Another approach some sidechains use to inherit at least a part of Bitcoin’s double-spend resistance is ‘merged mining’, which is used by chains like Rootstock. Merged mining enables Bitcoin miners to opt into mining blocks for a sidechain at the same time as they mine Bitcoin blocks, in exchange for a portion of the sidechain’s transaction fees. This enables the hashpower which is used to secure Bitcoin to also be used to secure the sidechain. A drawback of merged mining is that miners can choose whether or not they want to participate, which in practice means that only a fraction of the total hashpower is used to secure the sidechain (42% in Rootstock’s case as of the most recent data).

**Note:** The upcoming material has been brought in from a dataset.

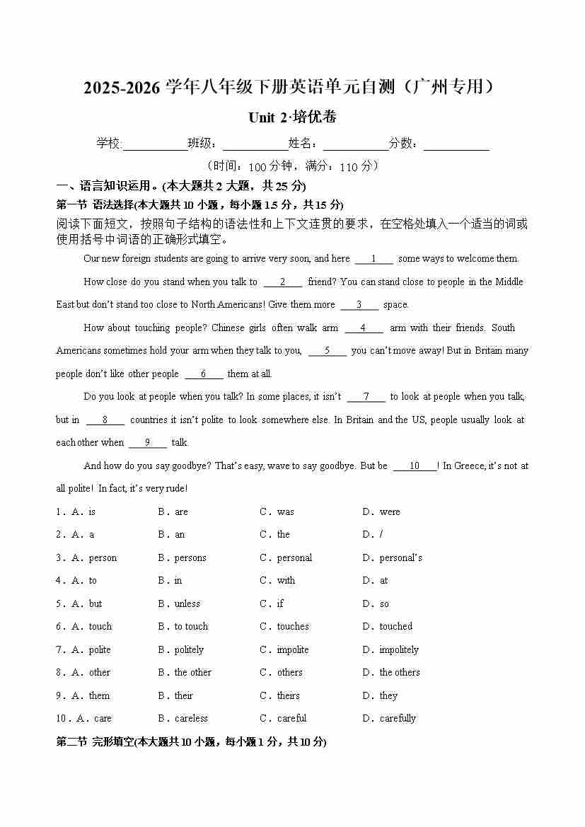 首页 > 全部 > 单元地区卷 > 八年级英语下册Unit 2 Body language (单元自测·广州专用)(考试版A4)

Sidechains that do not use merged mining have to provide economic security for their chain some other way, even if they make state commitments to L1 since those commitments happen only after consensus has been reached on the L2. Many chains accomplish this with their own set of miners or validators staking the chain’s native token. An interesting set of projects, however, aims to accomplish this while staying as Bitcoin aligned as possible. This includes Botanix, Mezo and Stacks. Botanix and Mezo are both proof-of-stake chains, however, they both allow validators to stake BTC to secure their chains, thus taking advantage of BTC’s value and stability. Stacks uses a mechanism dubbed proof-of-transfer (PoX) whereby miners spend BTC and are selected to propose Stacks blocks with a probability that corresponds to the amount of BTC spent. Both Mezo’s and Stacks’ designs are hybrids, Mezo allows dual staking of the Mezo token along with BTC, while Stacks only uses BTC proof-of-transfer for block production, with validation handled by ‘Stackers’ who stake STX to participate as validators. 

These mechanisms thus allow these sidechains to draw some of their economic security from Bitcoin and the value of BTC they can attract to stake on their platforms, but they don’t quite reach the level of fully inheriting Bitcoin’s economic security and double-spend resistance.

 

Multi-Sig Bridges, Threshold Signatures and Cryptoeconomic Guarantees

Sidechains also seek to minimize trust in bridging through a variety of different mechanisms. Existing Bitcoin sidechains have for the most part relied on a federation of trusted parties to secure the bridge between Bitcoin and the sidechain using multisigs. These usually consist of federations of between 10-15 trusted signers, where an honest majority or supermajority (e.g., 11 of 15) is needed to sign off on withdrawals.

 

Sidechains Traditionally Rely on Trusted Federations for Bridging

Source: Rootstock, GSR.

Recent sidechain projects have been exploring other models to further minimize bridge trust assumptions. A popular model has been the use of threshold signatures. Threshold signatures are conceptually very similar to multisigs, both enable authorization of actions based on collecting sufficient signatures out of a set of possible signatories. Multisigs, however, use individual public keys for each signer in a fixed set of signers. The chain must keep track of these public keys and verify their individual signatures, which means that the onchain footprint of multisigs grows with the number of signers. Threshold signatures, on the other hand, only require a single public key and use Multi-Party Computation (MPC) off-chain to split shares of a single private key across many participants. In order to sign transactions, these participants once again use MPC off-chain to privately sign using their shares and once a specific threshold number of participants is met, the private key can be recovered and used to sign transactions. Threshold signatures can thus scale to a greater number of participants, allow for more flexible signer sets, and have a lower onchain footprint. 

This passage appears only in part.